The song itself is a highlight on stage and screen. Placed mid-way through act one, it is both a contrast (to the Pink Ladies' girlish sleepover) and a mickey-take: the greaser T-Birds (or Burger Palace Boys as they were on stage) mock Kenickie's newly purchased, but distinctly second-hand wheels with a devastating combination of close-harmony singing and thigh-straining dance moves.
Aptly, then, the song is a parody in a homage's clothing: early Elvis with a backing band of early Elvises. In the 1978 movie, the sight of a lithe and limber Travolta surrounded by several lithe and limber carbon copies is almost more than the mind can bear. But as the song motors off, the spoof loses its confidence almost immediately as the T-birds set about convincing themselves (and us) that Kenickie's car might just amount to something. All it needs is lots of work and lots of cash.
Just as quickly, it becomes apparent that Sandy's real competition for Danny's heart is not ex-girlfriend Cha Cha, his industrial-strength hair gel, the other T-Birds or even his gargantuan ego: it's the teen boy's fantasy of taking a beat-up ol' Dodge and turning it into a cherry red 'pussy wagon'.
In the context of Grease (the movie), the song anticipates the James Dean-esque car duel, and mirrors Sandy's less than inspiring transformation into a T-bird's ideal, er, bird (presumably with a pair of furry dice).

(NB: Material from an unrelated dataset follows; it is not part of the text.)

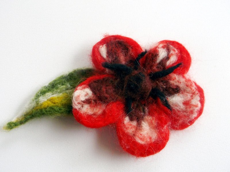 4. Łączenie technik filcowania na mokro i sucho. Doskonalenie technik. Broszki filcowe.

In this, Greased Lightning fits snugly and somewhat smugly into a classic American love affair between boys and their automobiles: Stephen King's Christine, ee cummings' sex on four wheels poem, 'she being Brand/- new'.
But you'll have to go some to match the sheer erotic obviousness of Travolta singing: 'You know that ain't no shit/We'll be getting lots of tit/In Grease Lightning/Go, go, go, go, go, go, go, go, go, go.' Just when you thought the innuendo couldn't get more overt, Travolta vanishes, deus ex machina, above the screen, only to reappear, straddling an engine like some sex-crazed rodeo rider mounted on an enormous phallic metaphor: 'You are supreme/The chicks'll cream/For grease lightning'. Greased Lightning (Go, greased lightning): it ain't subtle, but it sure is catchy.